E&Y LLP intends to charge the Debtors for the services rendered
in these Chapter 11 cases based on its hourly rates for those
services:

            SOW #1- Business Tax Returns Preparation

   Title                                   Rate per Hour
   -----                                   -------------
   Partner, Principal and Director          $319 to $352
   Senior Manager, Manager                  $243 to 268

                     SOW #2 - Fresh-start

   Title                                   Rate per Hour
   -----                                   -------------
   Professional Practice Director Partner   $500 to $550
   Professional Practice Director Manager   $300 to $350
   Bankruptcy Subject Matter Professional
     (Partner)                              $375 to $400
     (Senior Manager)                       $295
   Partner, Principal and Director          $319 to $352
   Senior Manager, Manager                  $243 to $268
   Senior                                   $154 to $170
   Staff                                    $106 to $117

              Integrated Audit Engagement Letter

   Title                                   Rate per Hour
   -----                                   -------------
   Professional Practice Director Partner   $500 to $550
   Professional Practice Director Manager   $300 to $350
   Bankruptcy Subject Matter Professional
     (Partner)                              $375 to $400
     (Senior Manager)                       $295
   Partner, Principal and Director          $319 to $352
   Senior Manager, Manager                  $243 to $268
   Senior                                   $154 to $170
   Staff                                    $106 to $117

                   U.S. Plan Audit Engagement

   Title                                   Rate per Hour
   -----                                   -------------
   Partner, Principal and Director          $319 to $352
   Senior Manager, Manager                  $243 to $268
   Senior                                   $154 to $170
   Staff                                    $106 to $117

                   PR Plan Audit Engagement

   Title                                   Rate per Hour
   -----                                   -------------
   Partner, Principal and Director          $319 to $352
   Senior Manager, Manager                  $243 to $268
   Senior                                   $154 to $170
   Staff                                    $106 to $117

The Debtors will also reimburse E&Y for actual and necessary
expenses the firm incurs.

Brian T. Coughlin, a partner at E&Y LLP, discloses that his firm
is represented by Alston & Bird LLP in the Chapter 11 cases of
the Debtors and other bankruptcy cases.  E&Y LLP understands that
Alston & Bird anticipates that it may also be asked to appear on
behalf of a significant creditor in the Debtors' bankruptcy
cases.

Before the Petition Date, Ernst & Young Puerto Rico LLC and Ernst
& Young LLP (United Kingdom) provided services to the Debtors or
their non-debtor affiliates, according to Mr.

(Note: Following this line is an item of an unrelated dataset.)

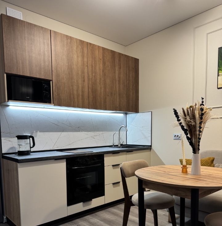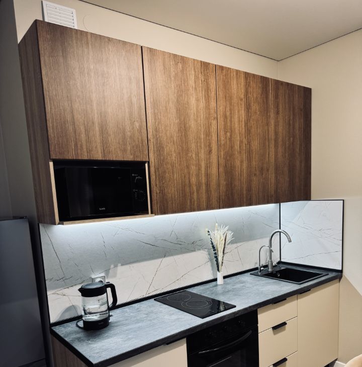 Вся техника и мебель новая, включая: электрический чайник, варочную поверхность, духовой шкаф, двуспальную кровать , ортопедический матрас Askona с двумя степенями жесткости, стиральную машину, холодильник, телевизор, установлен фильтр для питьевой воды

Coughlin.  Ernst &
Young (Malaysia) and Ernst & Young LLP (United Kingdom) will not
be providing services to the Debtors or their non-debtor
affiliates during these bankruptcy cases, he tells the Court.

After the Petition Date, E&Y LLP utilized a global services
center operated by Ernst & Young Private Ltd. or EYPL, and EYGBS
(India) Private Ltd. for certain services provided to the
Debtors.  The Debtors will not be required to pay for those
minimal postpetition Services provided by E&Y GTC, and E&Y LLP
will not be utilizing E&Y GTC in support of services in the
Debtors' bankruptcy cases going forward, Mr. Coughlin says.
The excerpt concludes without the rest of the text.